Come evidenziato nei numeri precedenti di questa rubrica, sembra essere in atto in Cina un ridimensionamento degli squilibri con l’estero dovuti all’accumulo di surplus commerciali. Ma qual è l’origine di questi surplus e come vanno evolvendo? Osservando le principali voci della bilancia dei pagamenti cinese in serie storica (figura 1*), si nota il ruolo preponderante del saldo delle partite correnti – a sua volta largamente determinato dalla bilancia commerciale (esportazioni di beni e servizi meno importazioni) – e del conto finanziario – in cui pesano in modo determinante i flussi netti di investimenti diretti esteri (Ide). Il peso del conto capitale, che è ancora soggetto a molte restrizioni, è assai meno rilevante.

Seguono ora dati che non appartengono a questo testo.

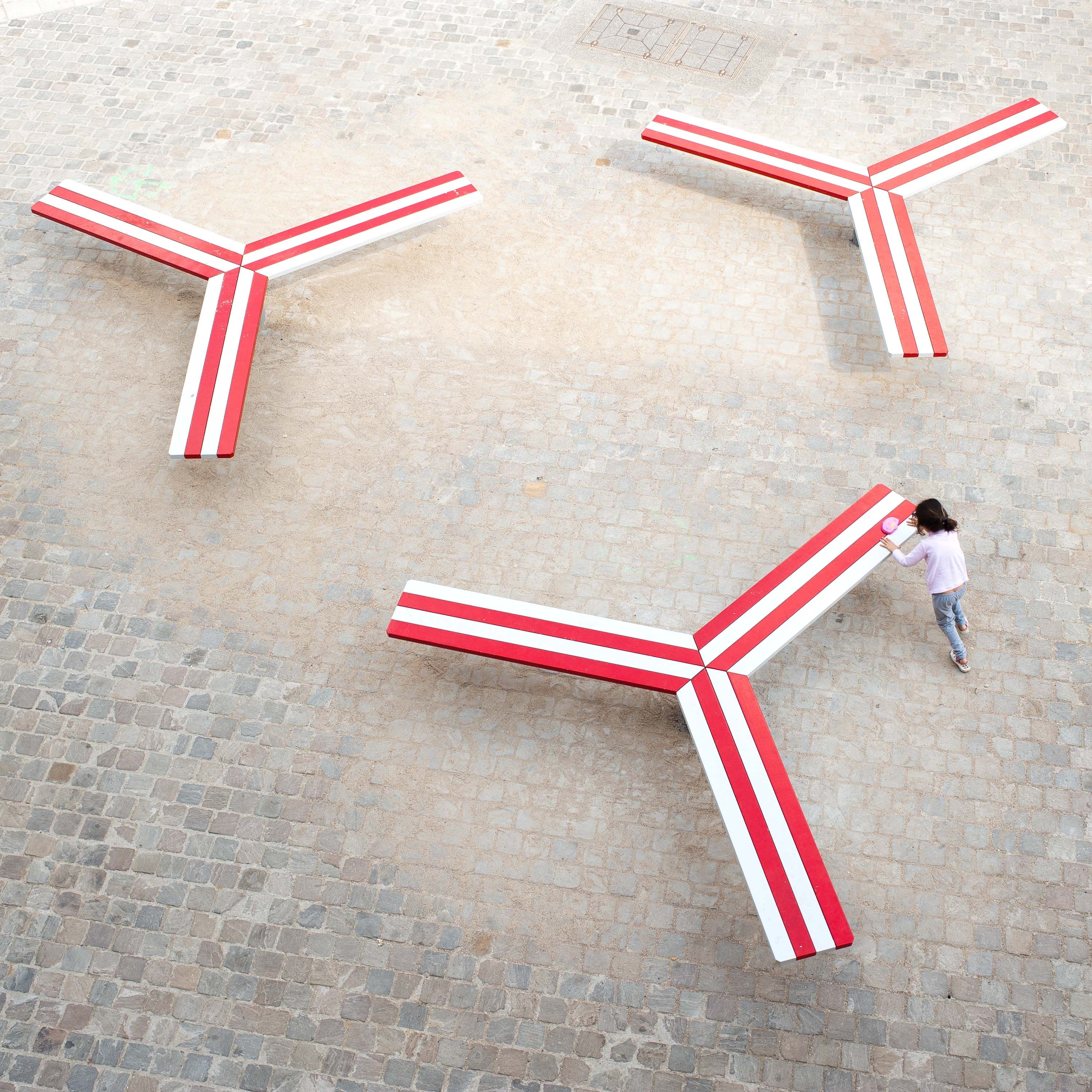 La Commune d’Anderlecht a organisé un concours pour l’installation de mobilier urbain. Lauréat, Yspilon se compose de 3 bancs en étoile à 3 branches. Evoquant les tourniquets des plaines de jeux, ces bancs sont mobiles sur leur axe. La structure des bancs est réalisée en acier thermolaqué, tandis que l’assise proprement dite est réalisée en bois. Cette structure se compose de deux pièces. La première est le socle, composé d’une platine ancrée au sol et d’un tube supportant un roulement de type iglide du fabricant américain Igus. Ce type de roulement polymère présente deux qualités essentielles pour ce projet : il ne nécessite aucun entretien, étant autolubrifiant et insensible à la corrosion, et il présente un coefficient de friction faible tout en ne permettant pas une rotation libre (autofreinage). La seconde partie supporte l’assise en lattes de chêne. Elle est composée de 3 bras tétraédrique en tôle pliée, fixés sur un tube central chapeautant le socle.
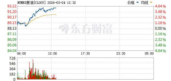 3月24日亚洲交易时段,国际油价再度拉升,布伦特原油期货日内一度站上100美元/桶,截至北京时间10:50,日内涨幅达3.83%,报99.61美元/桶;WTI原油价格涨3.45%,报91.19美元/桶。

Soffermiamoci allora sull’andamento dei flussi commerciali, in particolare delle esportazioni, e sugli investimenti a lungo termine sotto forma di Ide.
Nel periodo precedente le riforme la strategia commerciale della Cina era caratterizzata da forti controlli e restrizioni governative, da politiche di sostituzione delle importazioni e da un tasso di cambio sopravvalutato. I beni ad elevata intensità di capitale dominavano le esportazioni. Ancora nel 1985 le esportazioni di petrolio rappresentavano circa il 20% del totale; la bilancia commerciale era in deficit a causa delle massicce importazioni di beni di consumo. Il processo di liberalizzazione avviato nel 1984 portò a una rapida crescita delle esportazioni. Vi contribuirono, in particolare, l’aumento del numero di imprese commerciali a cui era permesso esportare e la creazione di zone economiche speciali che offrivano un trattamento favorevole alle imprese straniere. Inoltre, il renminbi venne svalutato di circa il 60% rispetto al dollaro. Già nei primi anni ‘90 la struttura delle esportazioni era molto cambiata, con un peso assai maggiore dei prodotti a più elevata intensità del fattore lavoro. Una nuova ondata di liberalizzazioni ha accompagnato e agevolato l’accesso della Cina all’Organizzazione mondiale per il commercio (Omc) del dicembre 2001 e il conseguente boom delle esportazioni. In poco meno di un decennio la Repubblica popolare cinese è diventata il primo esportatore mondiale davanti alla Germania. In un contesto mondiale caratterizzato da una crescente frammentazione della produzione di beni e servizi, la Cina ha conquistato un ruolo crescente nell’assemblaggio e nella produzione di beni intermedi.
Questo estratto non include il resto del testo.